Directing Craig Lucas’s Prelude to a Kiss taught Clinton Walker to “not be such a jerk” when it comes to his views on romance.
Playing the lead female role made Charlotte Courage realize her many feminine mannerisms. And for Lee Malanchuk, securing the main male role showed him he could act. His last thespian activity came in Grade 1, when he played a garbage can, an Oscar the Grouch-type character, he said.
But both actors and the director agreed on one point: this play was a lot more work than they anticipated.
There was only a month between auditions and the preview, and the play demands a lot of time.
Prelude to a Kiss follows the romance of Peter and Rita. Peter is a man “searching for something,” said Walker.
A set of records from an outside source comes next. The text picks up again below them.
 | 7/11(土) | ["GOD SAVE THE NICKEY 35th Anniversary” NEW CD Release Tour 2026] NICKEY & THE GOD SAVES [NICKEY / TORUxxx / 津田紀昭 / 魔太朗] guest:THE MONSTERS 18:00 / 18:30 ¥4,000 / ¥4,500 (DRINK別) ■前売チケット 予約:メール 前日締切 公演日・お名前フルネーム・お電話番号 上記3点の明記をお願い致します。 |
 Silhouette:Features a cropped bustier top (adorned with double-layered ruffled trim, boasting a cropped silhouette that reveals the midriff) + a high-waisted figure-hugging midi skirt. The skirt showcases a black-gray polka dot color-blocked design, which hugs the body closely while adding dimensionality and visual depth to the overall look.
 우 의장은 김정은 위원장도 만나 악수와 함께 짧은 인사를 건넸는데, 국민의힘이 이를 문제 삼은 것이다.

This intellectual optimist falls in love with Rita, a cynical world-weary woman in her 30s, and she, in the director’s words, “somewhat with him.”
On their wedding day, an old man kisses Rita, and in doing so he and the bride exchange souls.
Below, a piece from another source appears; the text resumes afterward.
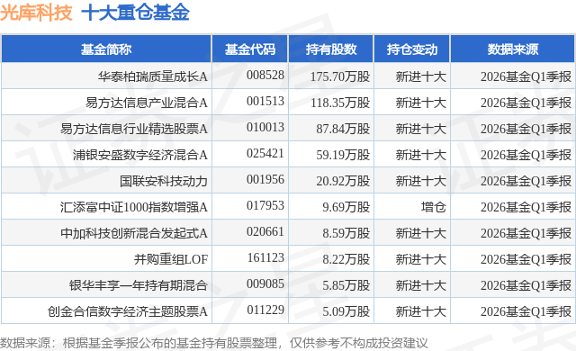 重仓光库科技的前十大公募基金请见下表: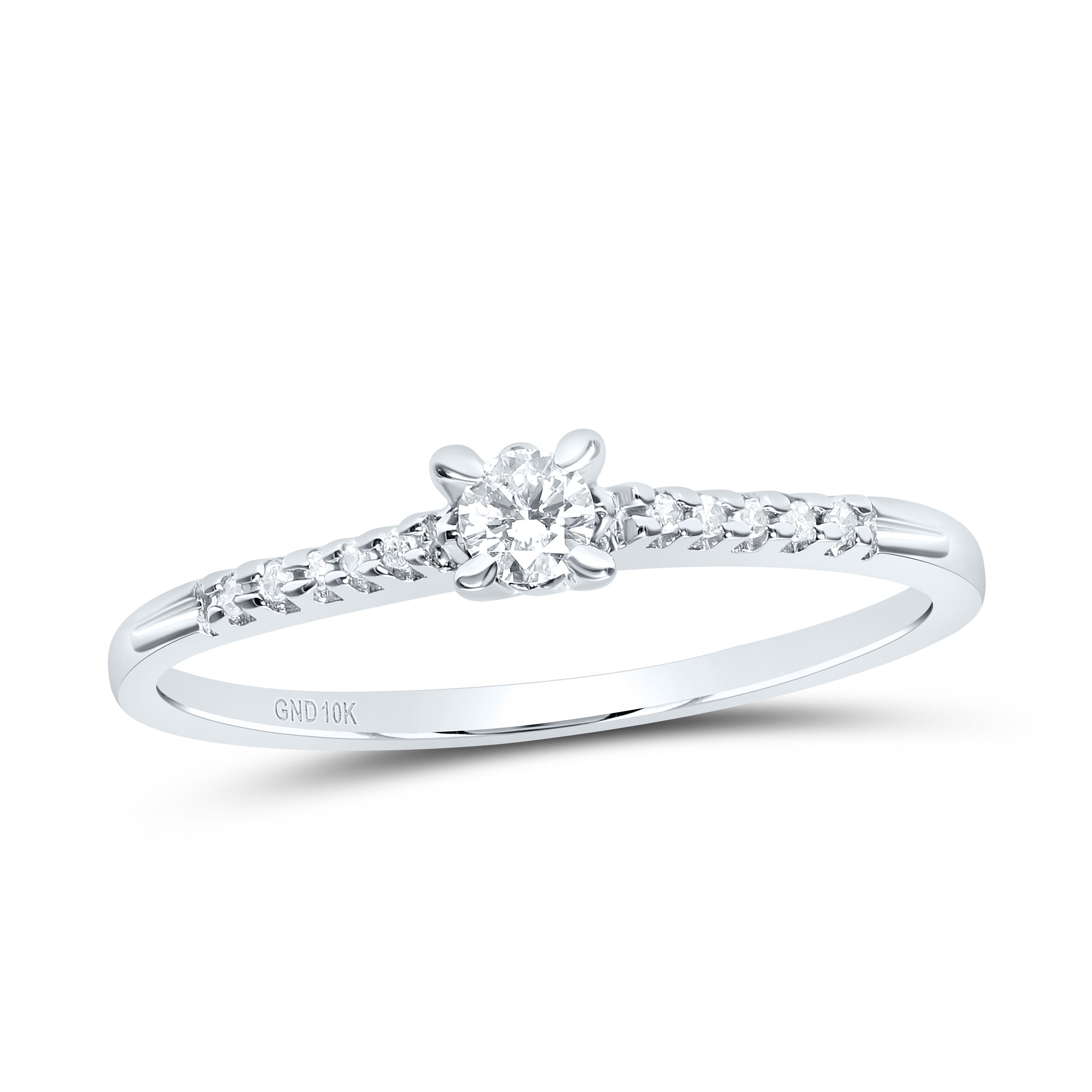 10kt White Gold Womens Round Diamond Solitaire Promise Ring 1/8 Cttw

The 1988 play hit the silver screen in 1992. The film version stars Meg Ryan and Alec Baldwin.
For both of the lead actors, this was their first time with the company.
Malanchuk admits he was fairly excited when he found out he’d secured the role. But a moment later he was wondering what exactly he’d gotten himself into, he said.
Courage had the difficult task of playing two characters: Rita, and then the soul of the old man living inside of her. “This is definitely the most intense show I’ve ever been in,” she said.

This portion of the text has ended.